La colonna “Dagoberto Ramos” della più antica guerriglia comunista colombiana è infatti stata protagonista di un attacco alla cittadina di Jambalò, in uno dei dipartimenti che più hanno visto sprofondare la situazione della sicurezza a causa del predominio che gruppi armati organizzati, guerriglie e narcos paiono aver ormai conquistato a spese delle istituzioni statali.
L’attacco, iniziato con l’aggressione diretta alla locale stazione di polizia, è poi proseguito con un assalto dinamitardo ad una sede del Banco Agrario, completamente sventrata e poi saccheggiata.

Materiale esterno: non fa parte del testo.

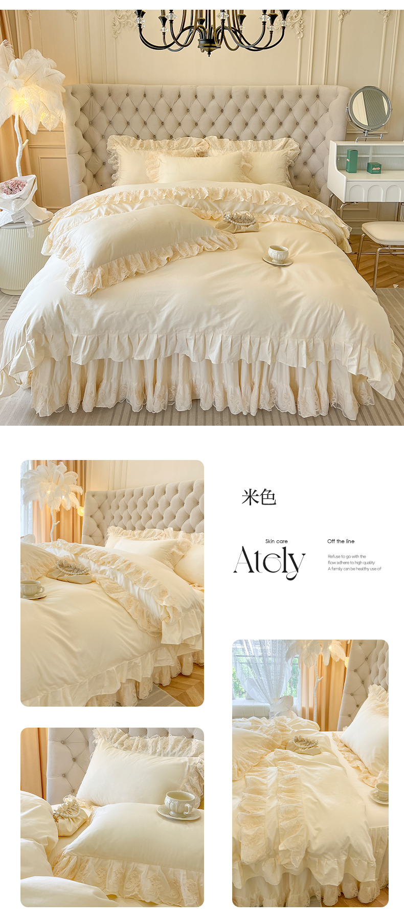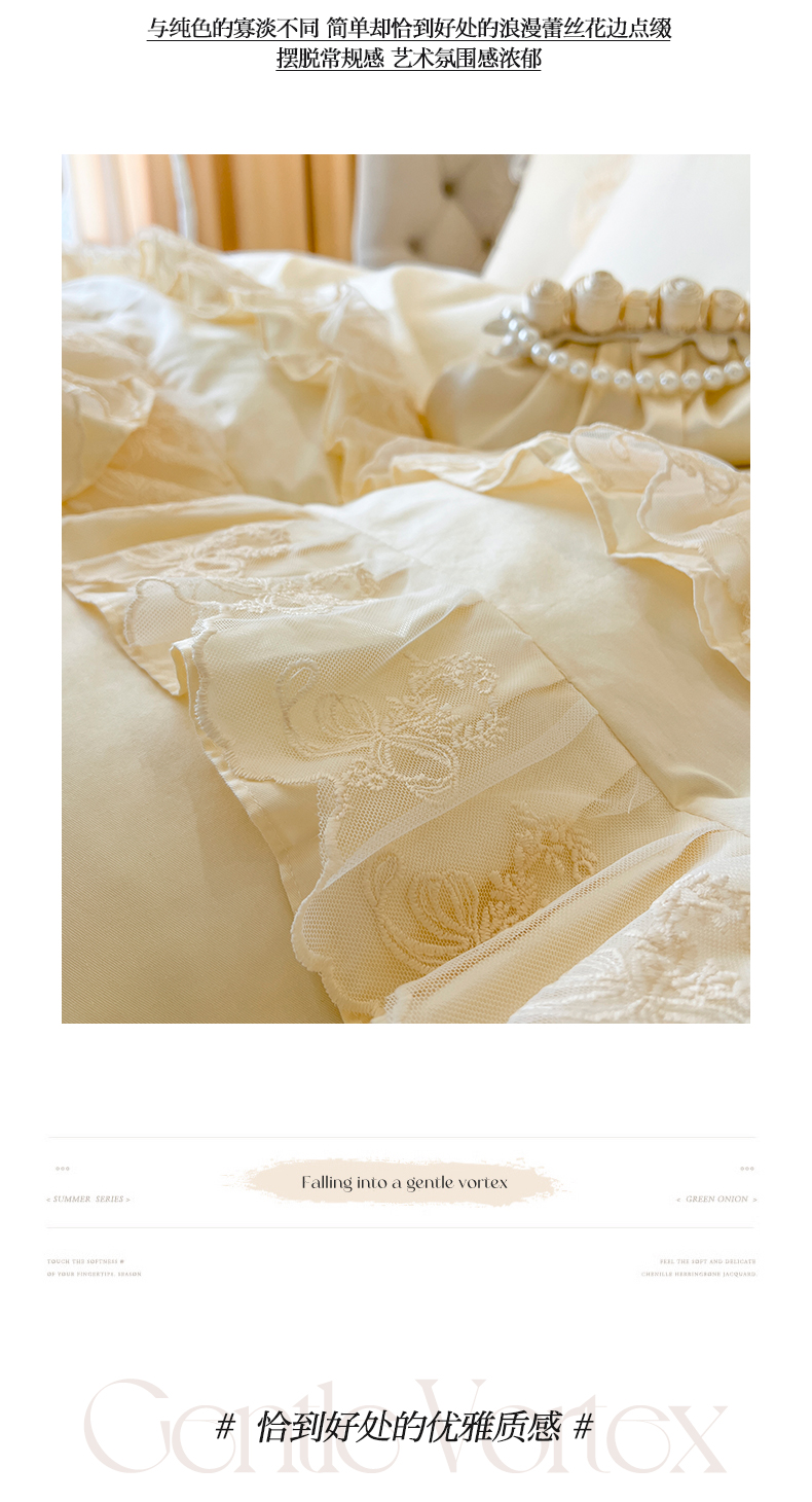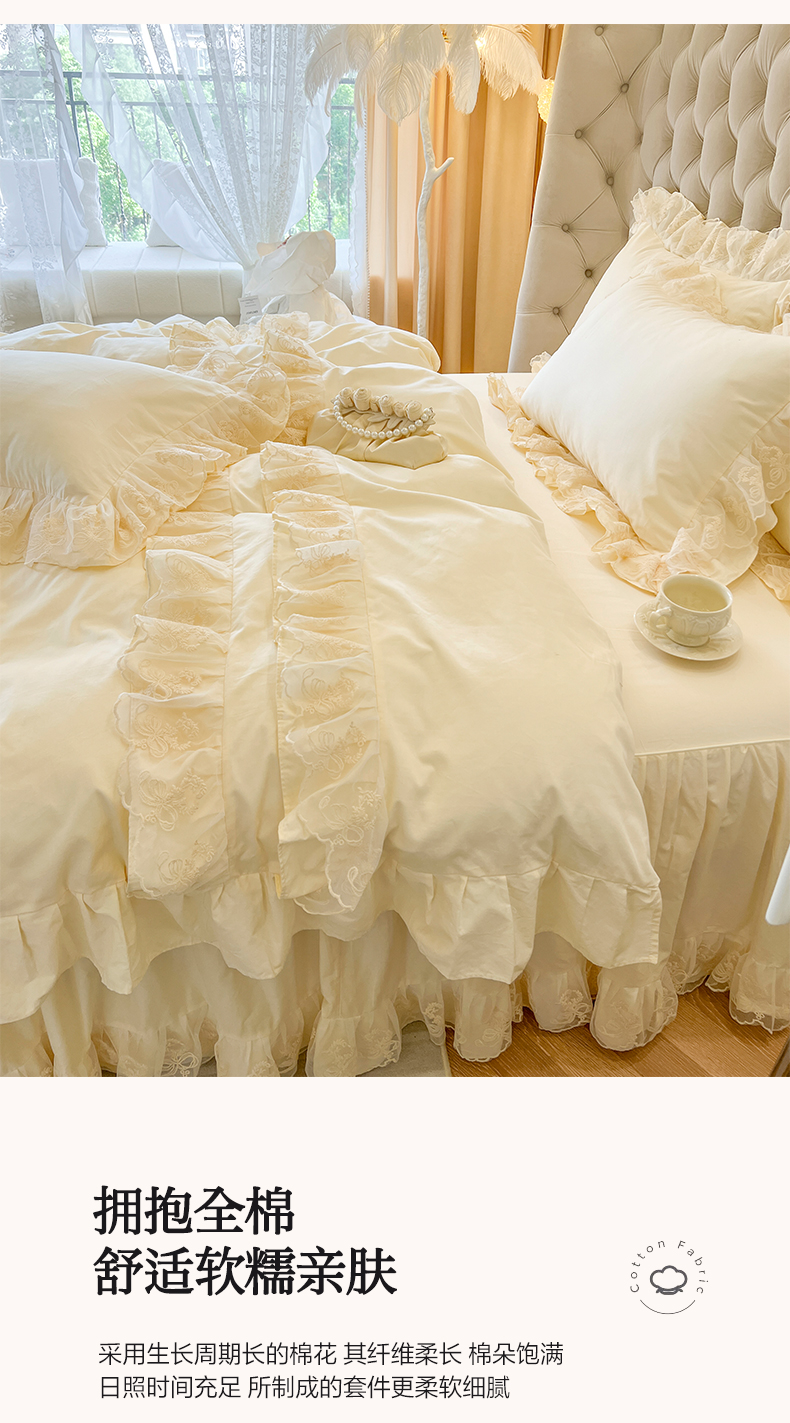 商品名称:网红馆(ck家纺) 2025新款花之茵系列13372全棉床裙四件套 花之茵-米色

A ciò, si è poi aggiunto uno scontro nelle vicinanze della cittadina tra i miliziani delle FARC e le forze armate: le stesse FARC hanno diffuso via Twitter un video che dimostra come da terra abbiano cercato di abbattere un elicottero militare, accorso sul posto per supportare i soldati dispiegati dalle autorità della Difesa.
Episodi di questo genere e di questa gravità non si registravano da tempo; l’atteggiamento di sfida della guerriglia, irriducibile nonostante una parte abbia lasciato la lotta armata nel 2016 grazie agli Accordi di Pace, getta un’ombra cupa sulle speranze nutrite dall’attuale presidente Petro circa la fattibilità di un accordo di “pace totale” con tutti gli attori del variegato mondo del crimine organizzato a sfondo politico, dall’ELN alle FARC. I segretariato centrale di quest’ultima ha infatti fatto capire nel suo profilo social che l’azione compiuta a Jambalò ha un destinatario preciso: il governo, e in particolare il “ministro chiacchierone” della Difesa e la “oligarchia” del Paese, accusato di “inginocchiarsi” al Comando Sud delle forze armate statunitensi.